🤖 AI Summary
Existing audio-visual generation models lack fine-grained, human-aligned automated evaluation metrics, and general-purpose multimodal models often fail to accurately capture human perceptual judgments. To address this gap, this work proposes the first human-centric benchmark for evaluating audio-visual generation, introducing ten fine-grained evaluation dimensions. The authors generate large-scale preference data through controlled perturbations and train a dedicated evaluator based on preference learning and multimodal consistency modeling. This evaluator produces continuous scores with calibrated confidence estimates, significantly improving alignment with human judgments. The resulting automated framework not only enables high-quality data filtering but also serves as a differentiable reward signal for human feedback in reinforcement learning, facilitating efficient and reliable assessment of generative models.
📝 Abstract
Rapid advances in audio-video (AV) generation have enabled high-fidelity synthesis with synchronized sound, particularly for human-related scenarios involving speech and interactions.
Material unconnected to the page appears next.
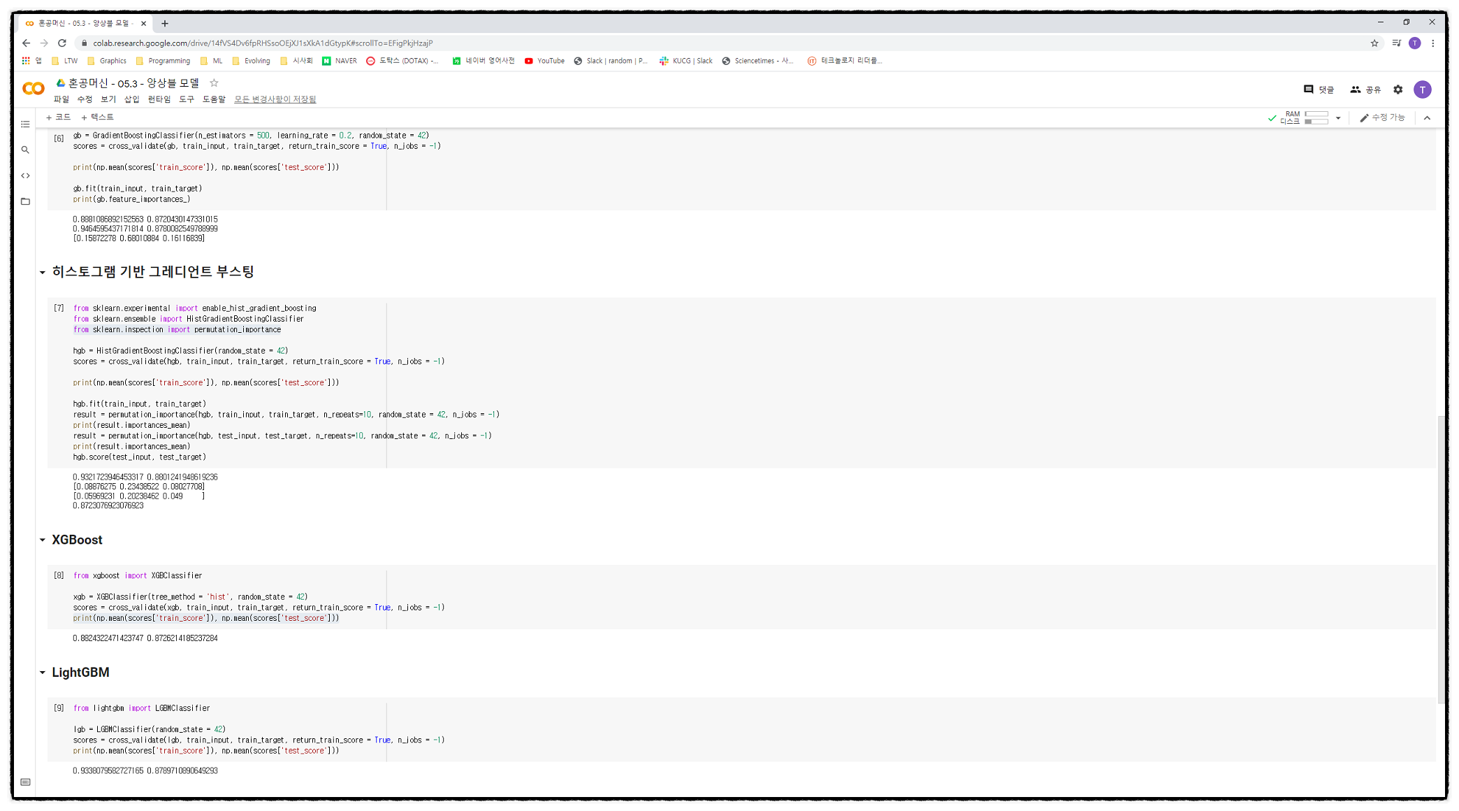 이런 알고리듬들 중 '랜덤 포레스트', '엑스트라 트리', '그레디언트 부스팅' 등이 있으나 가장 인기있는 알고리듬은 '히스토그램 기반 그레디언트 부스팅'이다.

Yet evaluation for AV generation remains at an early stage, with only a few coarse-grained benchmarks for human-related scenarios and relying on limited preset evaluations with generic multimodal LLMs, leading to inaccurate assessments of model capabilities. To address these issues, we introduce AVBench, a fully automated benchmark tailored for human-centric AV generation. AVBench is built on two key designs for comprehensive and accurate evaluation: (i) Human-centric and fine-grained metrics. AVBench integrates ten evaluation dimensions designed for human-centered real-world scenarios, covering visual quality, audio quality, and multi-level consistency across modalities. These practical metrics capture human-related details that existing benchmarks often overlook. (ii) Specialized evaluators via preference learning. To address the lack of specialized training data, we construct large-scale supervision by transforming real-world videos into diverse training pairs with controlled perturbations. After fine-tuning on this high-quality dataset, the evaluators learn to reliably detect subtle cross-modal inconsistencies. Crucially, instead of producing discrete textual judgment, AVBench derives continuous evaluation scores from the model's prediction confidence on binary decisions. This probabilistic scoring mechanism enables a more reliable assessment than traditional VQA-style evaluation and aligns closely with human judgment. Taken together, AVBench offers automated evaluation for AV generation, demonstrates strong potential for data filtering, and serves as a differentiable reward signal for Reinforcement Learning from Human Feedback (RLHF).